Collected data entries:
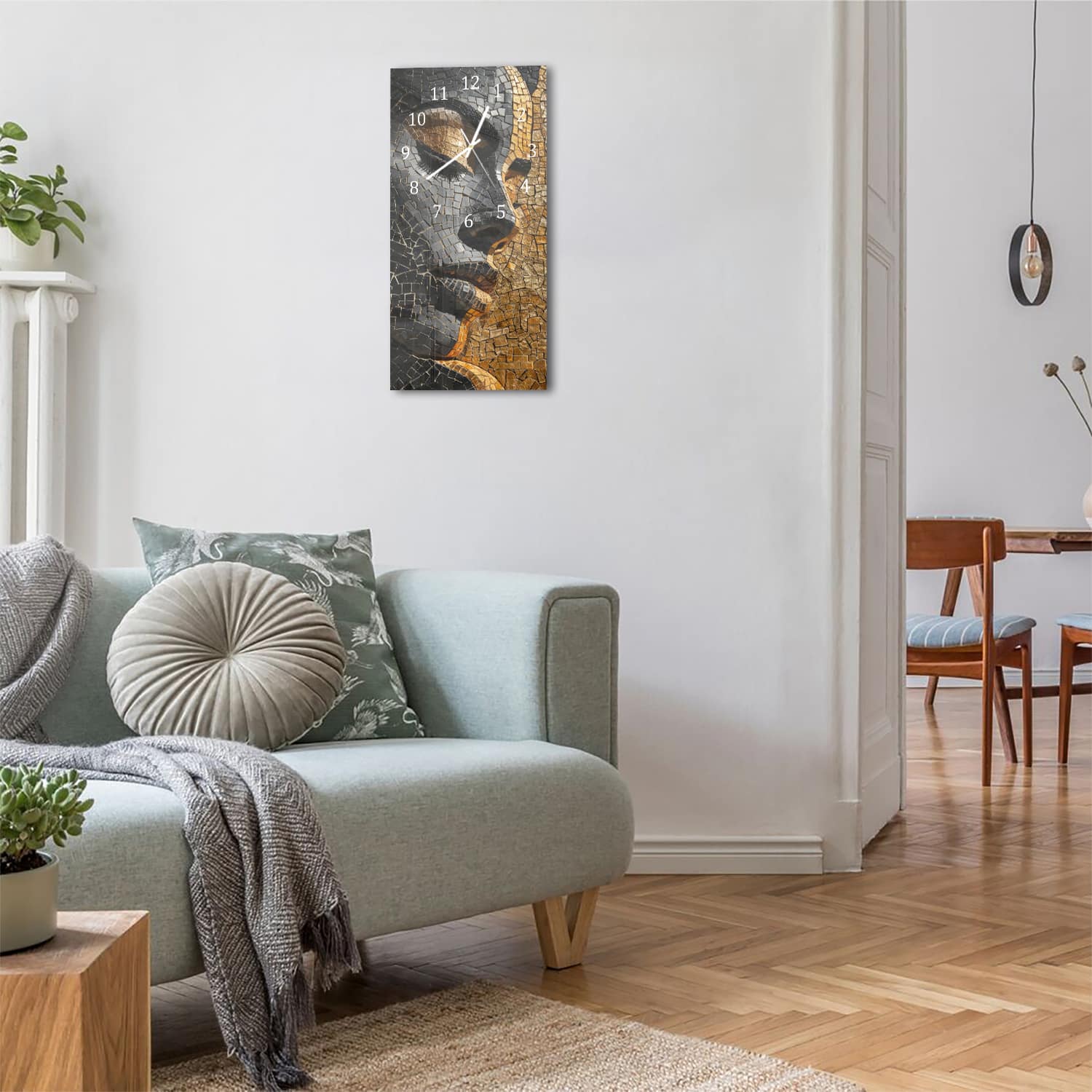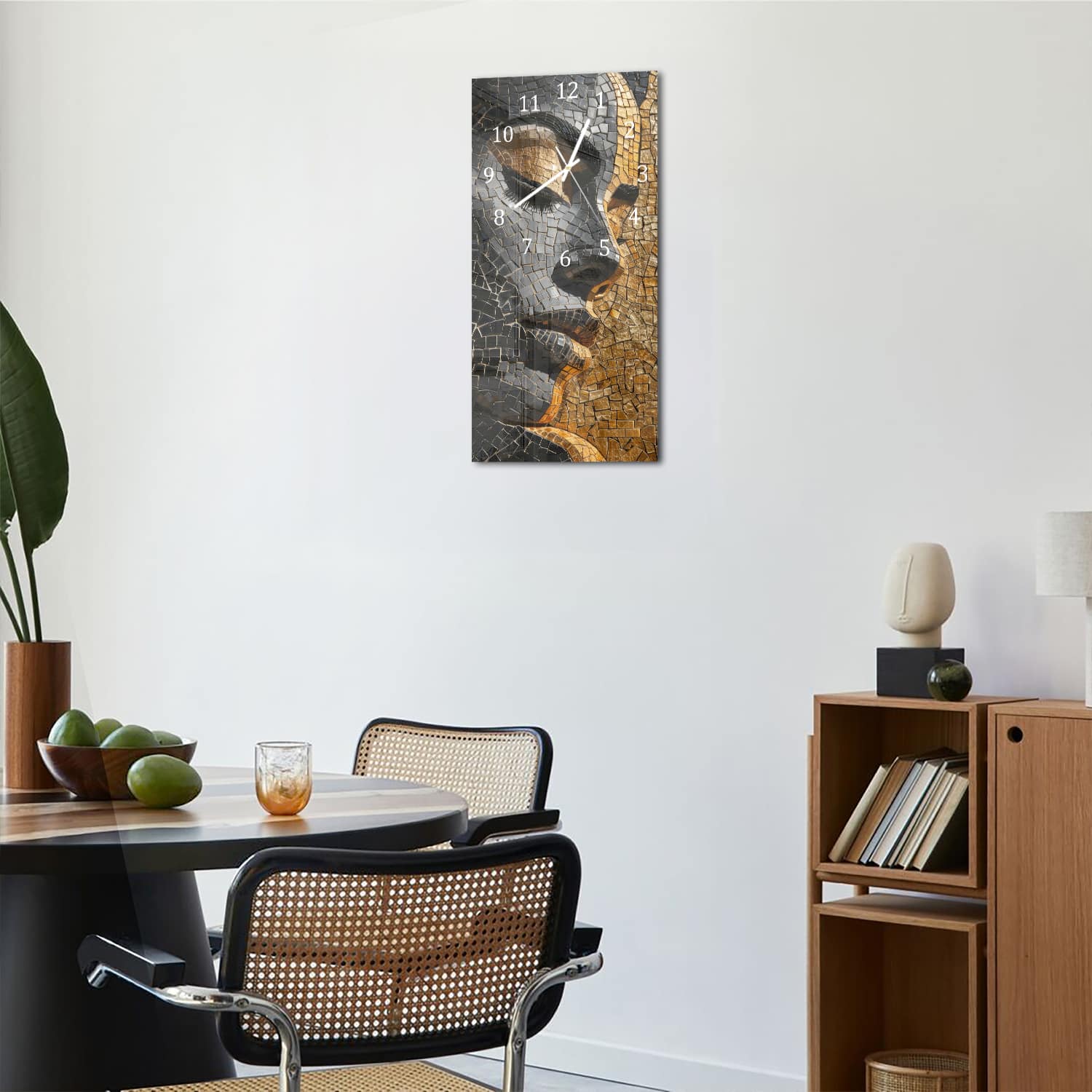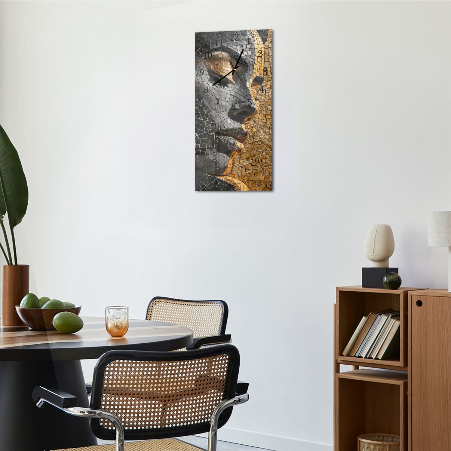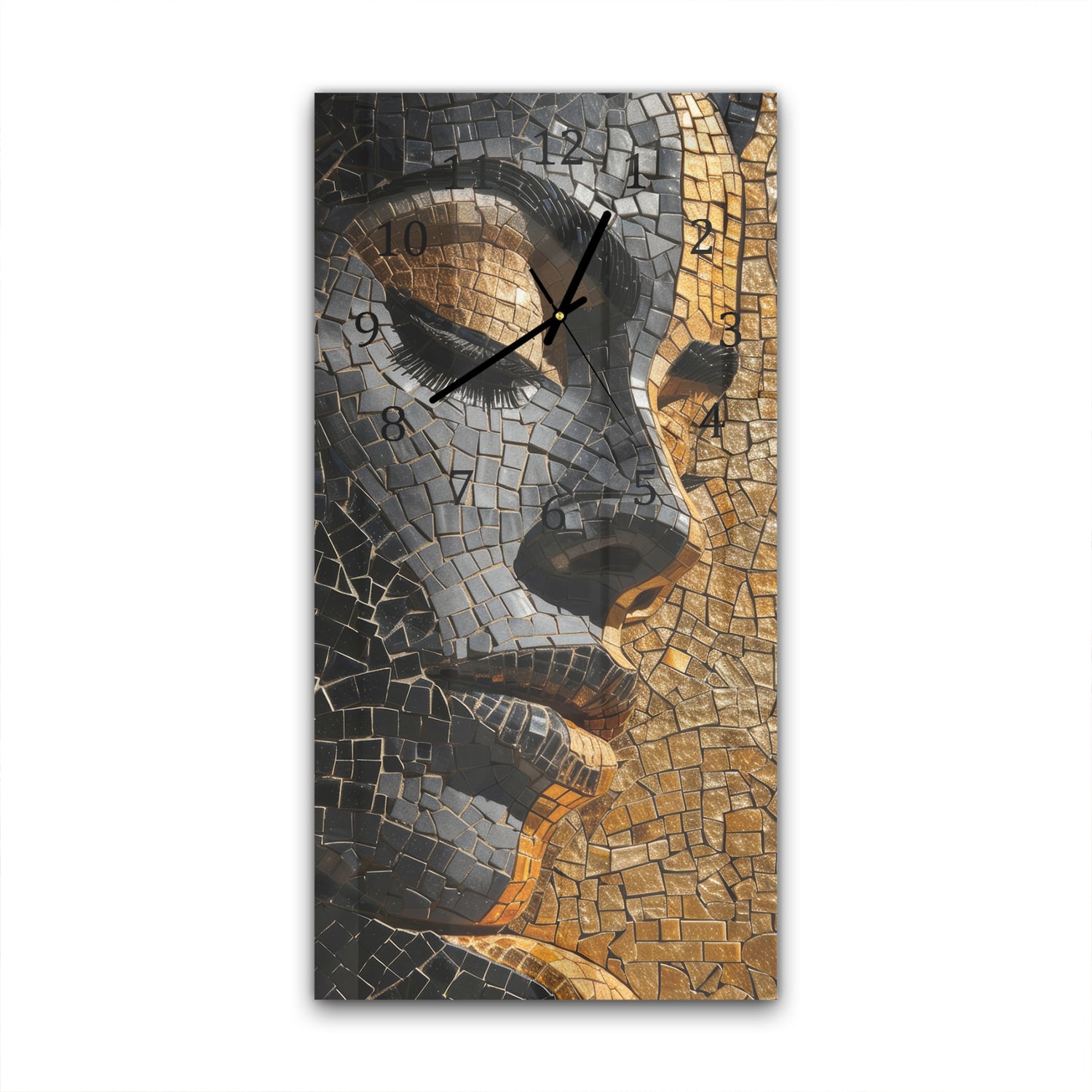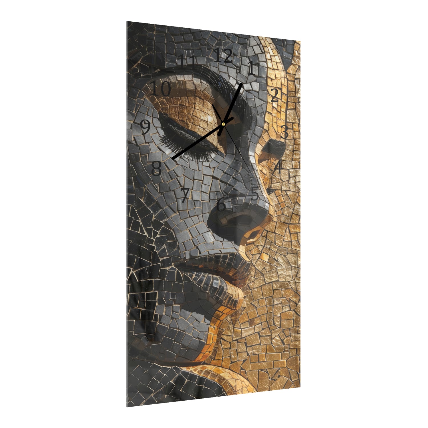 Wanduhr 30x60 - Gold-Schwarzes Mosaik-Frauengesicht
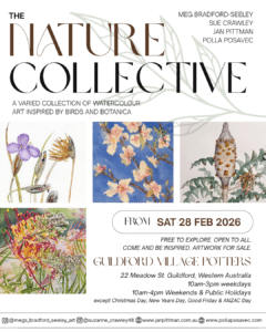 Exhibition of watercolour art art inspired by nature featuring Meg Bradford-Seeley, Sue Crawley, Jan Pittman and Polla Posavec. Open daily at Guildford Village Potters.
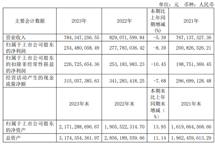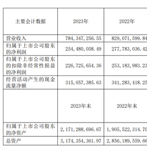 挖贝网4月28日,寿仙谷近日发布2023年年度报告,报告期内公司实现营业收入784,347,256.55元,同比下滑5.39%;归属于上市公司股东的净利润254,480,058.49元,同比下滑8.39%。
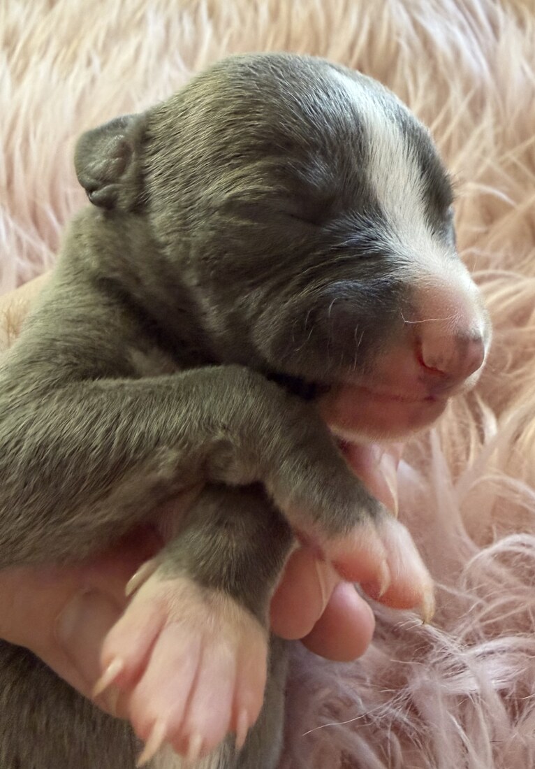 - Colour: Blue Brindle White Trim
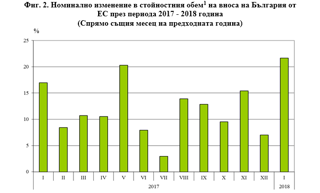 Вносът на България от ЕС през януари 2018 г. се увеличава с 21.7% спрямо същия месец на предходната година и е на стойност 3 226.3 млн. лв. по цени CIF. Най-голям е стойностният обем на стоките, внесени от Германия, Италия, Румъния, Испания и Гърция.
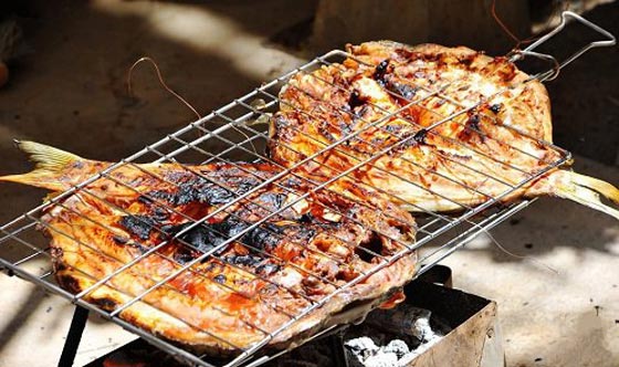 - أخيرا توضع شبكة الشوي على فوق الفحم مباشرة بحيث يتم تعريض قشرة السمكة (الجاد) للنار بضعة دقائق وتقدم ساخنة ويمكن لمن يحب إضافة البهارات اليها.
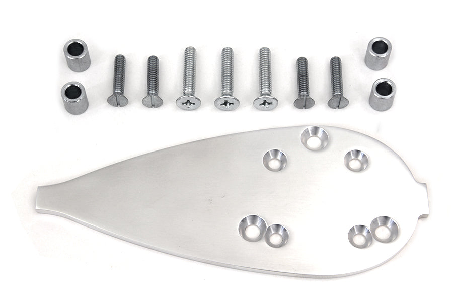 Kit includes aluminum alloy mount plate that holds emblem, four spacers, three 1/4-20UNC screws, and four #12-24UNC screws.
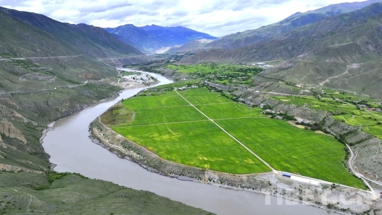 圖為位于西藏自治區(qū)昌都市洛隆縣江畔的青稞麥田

**Task details:** Apart from the pictures, every line above must be printed exactly.

**Completed task:**
 Wanduhr 30x60 - Gold-Schwarzes Mosaik-Frauengesicht
 Exhibition of watercolour art art inspired by nature featuring Meg Bradford-Seeley, Sue Crawley, Jan Pittman and Polla Posavec. Open daily at Guildford Village Potters.
 挖贝网4月28日,寿仙谷近日发布2023年年度报告,报告期内公司实现营业收入784,347,256.55元,同比下滑5.39%;归属于上市公司股东的净利润254,480,058.49元,同比下滑8.39%。
 - Colour: Blue Brindle White Trim
 Вносът на България от ЕС през януари 2018 г. се увеличава с 21.7% спрямо същия месец на предходната година и е на стойност 3 226.3 млн. лв. по цени CIF. Най-голям е стойностният обем на стоките, внесени от Германия, Италия, Румъния, Испания и Гърция.
 - أخيرا توضع شبكة الشوي على فوق الفحم مباشرة بحيث يتم تعريض قشرة السمكة (الجاد) للنار بضعة دقائق وتقدم ساخنة ويمكن لمن يحب إضافة البهارات اليها.
 Kit includes aluminum alloy mount plate that holds emblem, four spacers, three 1/4-20UNC screws, and four #12-24UNC screws.
 圖為位于西藏自治區(qū)昌都市洛隆縣江畔的青稞麥田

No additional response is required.